= Beginning of Section =
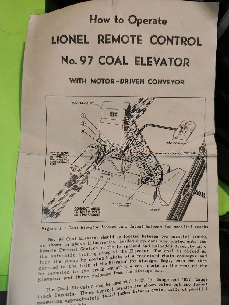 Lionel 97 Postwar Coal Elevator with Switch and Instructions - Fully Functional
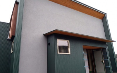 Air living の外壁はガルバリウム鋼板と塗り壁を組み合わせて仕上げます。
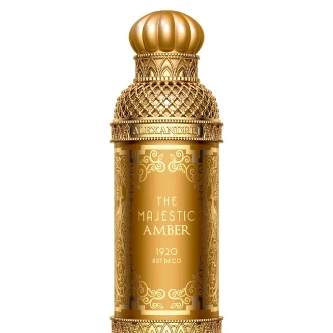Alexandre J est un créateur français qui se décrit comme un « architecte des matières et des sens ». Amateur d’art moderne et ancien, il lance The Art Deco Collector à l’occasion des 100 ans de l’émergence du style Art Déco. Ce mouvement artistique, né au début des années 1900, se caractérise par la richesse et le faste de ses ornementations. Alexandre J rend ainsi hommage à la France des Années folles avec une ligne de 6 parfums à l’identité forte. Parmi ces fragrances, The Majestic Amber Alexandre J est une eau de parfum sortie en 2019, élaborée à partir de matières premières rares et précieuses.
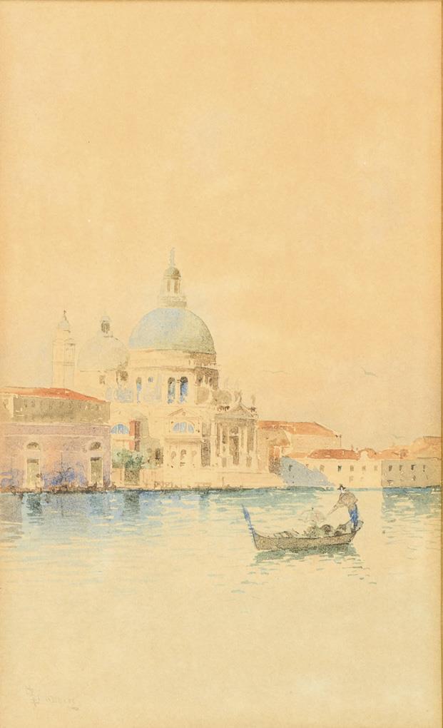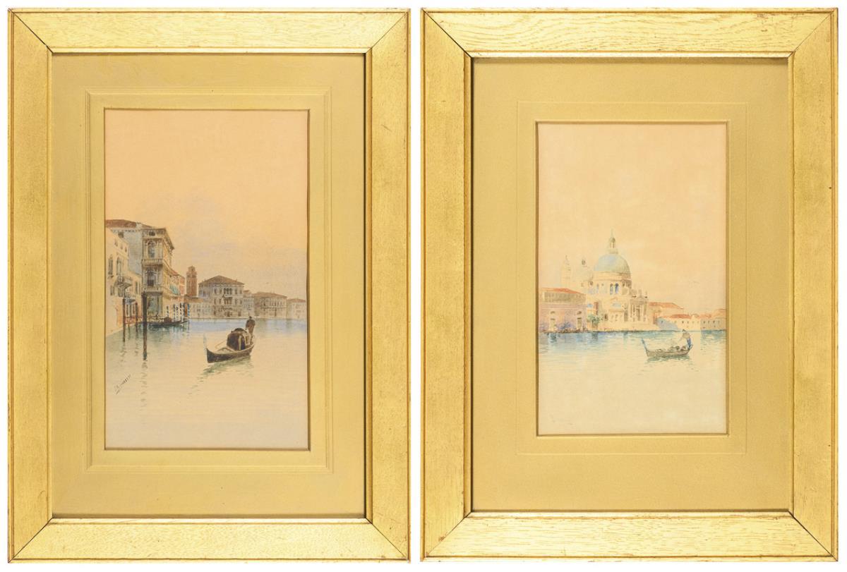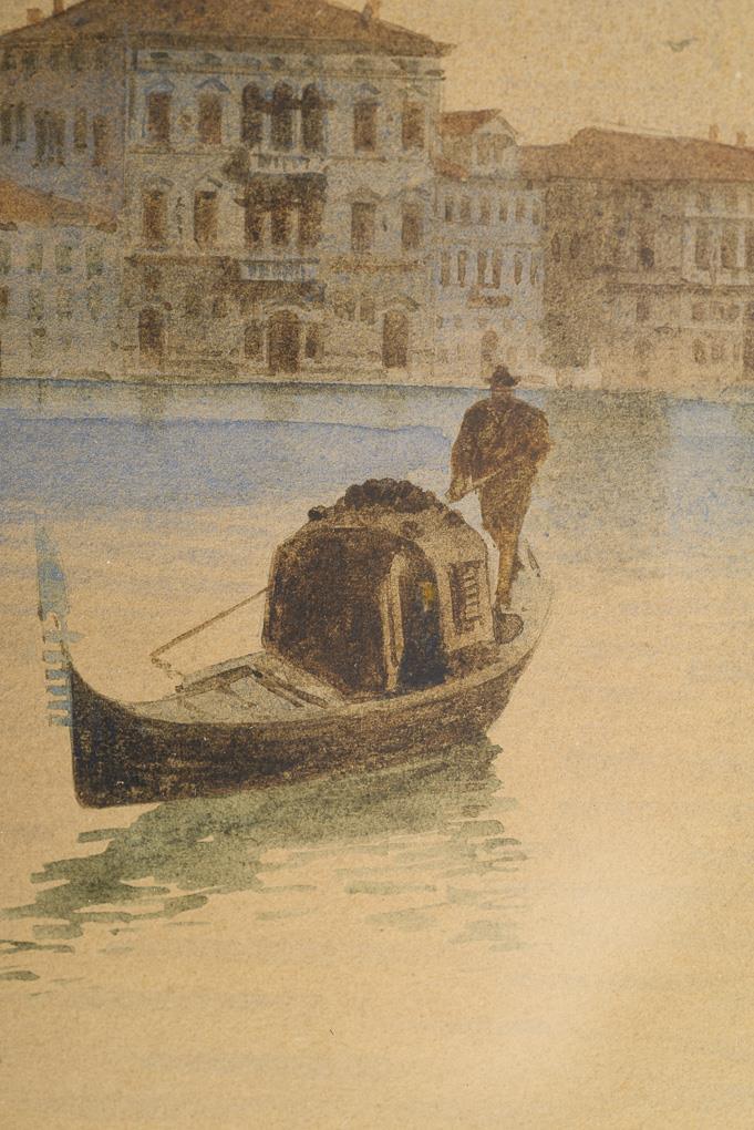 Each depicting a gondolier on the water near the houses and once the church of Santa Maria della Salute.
= End of Section =
EXERCISE REQUIREMENTS
An exact reproduction of the data is required, with pictures excluded.

RESPONSE TO THIS TASK
 Lionel 97 Postwar Coal Elevator with Switch and Instructions - Fully Functional
 Air living の外壁はガルバリウム鋼板と塗り壁を組み合わせて仕上げます。
Alexandre J est un créateur français qui se décrit comme un « architecte des matières et des sens ». Amateur d’art moderne et ancien, il lance The Art Deco Collector à l’occasion des 100 ans de l’émergence du style Art Déco. Ce mouvement artistique, né au début des années 1900, se caractérise par la richesse et le faste de ses ornementations. Alexandre J rend ainsi hommage à la France des Années folles avec une ligne de 6 parfums à l’identité forte. Parmi ces fragrances, The Majestic Amber Alexandre J est une eau de parfum sortie en 2019, élaborée à partir de matières premières rares et précieuses.
 Each depicting a gondolier on the water near the houses and once the church of Santa Maria della Salute.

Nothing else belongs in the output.